Sombreros femeninos, uno de los “33 Extras” en el Museo Mercedes-Benz

 ¿Qué tienen en común los espejos retrovisores, los limpiaparabrisas y los emblemas de radiador? Son tres elementos entre los “33 Extras”, la muestra permanente del Museo Mercedes-Benz de Stuttgart que pone el foco en detalles fascinantes de la historia de la movilidad y de la cultura del automóvil. Pero hay algo más: la historia de estas tres exhibiciones ha estado inspirada en mujeres como también lo está la sección “Sombreros femeninos”, otro de los “33 Extras”.

El hecho de que las mujeres se asumieran conductoras a comienzos del siglo XX fue un paso importante en la historia de la emancipación. En este camino aportó mucho la figura de Bertha Benz, quien estaba fuertemente involucrada en la construccion de la gran invención de su marido, Karl Benz. Desde el primer día ella manejó el Patent Motor Car y en el verano europeo de 1888 completó el primer recorrido de larga distancia a bordo de un vehículo a motor. Manejando aquel triciclo se tenía que proteger del viento y el frío. Dibujos de la época la muestran con un sombrero de ala ancha que era sostenido en su lugar por un chal.

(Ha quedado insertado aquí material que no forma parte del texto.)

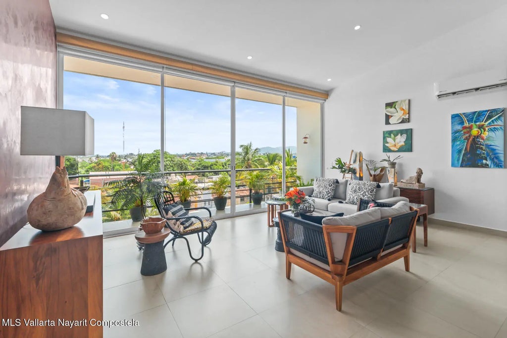 Stunning Penthouse with Panoramic City & Mountain ViewsThis beautifully appointed 3-bedroom, 2-bathroom penthouse offers unmatched privacy and breathtaking, forever views of the city and surrounding mountains. Occupying the entire top floor, this unique residence delivers the feel of a private retreat while being just minutes from the best of Vallarta.Designed with high ceilings and floor-to-ceiling, wall-to-wall windows, the space is flooded with natural light and perfectly frames the sweeping views. The open-concept layout enhances the sense of space and flow, creating a warm and inviting atmosphere.Sold fully furnished and tastefully decorated, every detail has been thoughtfully curated. As an added bonus, the unit features its own solar panel systeman eco-conscious and cost-saving upgrade. This penthouse offers a truly elevated lifestyle in one of Vallarta's most desirable settings. A perfect choice for those seeking a unique and comfortable home with truly outstanding views. ESPANOL Penthouse con Vistas Panorámicas a la Ciudad y a las Montañas Este elegante penthouse de 3 recámaras y 2 baños ofrece una privacidad excepcional y vistas permanentes e impresionantes hacia la ciudad y las montañas. Ocupa todo el piso superior, lo que le da la sensación de una residencia privada, a solo minutos de lo mejor de Vallarta. Diseñado con techos altos y ventanales de piso a techo y de pared a pared, el espacio se llena de luz natural y enmarca perfectamente las vistas. La distribución abierta realza la amplitud y brinda una atmósfera cálida y acogedora en cada rincón. Se vende completamente amueblado y decorado con muy buen gusto. Además, cuenta con un sistema de paneles solares, una mejora ecológica que aporta eficiencia y valor a largo plazo. Este penthouse ofrece un estilo de vida elevado en una de las zonas más atractivas de Vallarta. Ideal para quienes buscan un hogar único, cómodo y con una vista que realmente marca la diferencia.
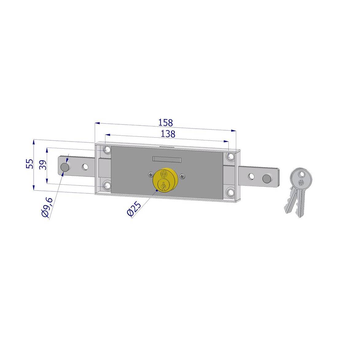 Cilindro tondo Ø 25 mm. A due punti di chiusura e due mandate. Scatola mm 55x157. Finitura zincata bianca.

A medida que se fueron incrementando las velocidades máximas alcanzadas por el automóvil, las protecciones de cabeza con extensiones fueron alcanzando sus límites: la estela inflaba ese tipo de prendas, que de repente elegían su propio camino. Pero las mujeres sabían cómo afrontarlo, mantenerse elegantes y, al mismo tiempo, definir nuevos estilos: a partir de las décadas de los años 20 y 30, los sombreros más ajustados, conocidos como sombreros cloche se volvieron accesorios obligados. Esos sombreros, combinados con un corte de pelo garçon o corto a lo sumo, les permitió a las mujeres modernas definir una impronta en la que se sentían seguras de sí mismas. Esta historia de los sombreros femeninos se cuenta en la serie de exhibiciones “33 Extras” en el Museo Mercedes-Benz.

¿Y quién era el proveedor de este accesorio práctico y, a la vez, fashion para la cabeza, con esa apariencia tan perfecta? Existía por entonces una profesión específica para fabricar sombreros femeninos: la sombrerera o el sombrerero. En Alemania se la conocía como Putzmacherin. No era cuestión de ir a una tienda y comprar directamente un sombrero; se requería el consejo de un profesional a toda regla en el diseño y los detalles, y luego usualmente el sombrero era hecho a medida.

Con el tiempo, los autos se fueron produciendo cada vez en mayor número con carrocerías cerradas, con lo cual los sombreros fueron perdiendo su funcionalidad. Hoy en día se usan rara vez en la vida diaria. Hay ocasiones, sin embargo, cuando tanto los hombres como las mujeres gustan de presentarse con accesorios para la cabeza adecuados. Por ejemplo, en los concursos de elegancia de autos clásicos. Toda una ocasión para rememorar viejos tiempos y rendir homenaje al origen de tan bellos autos.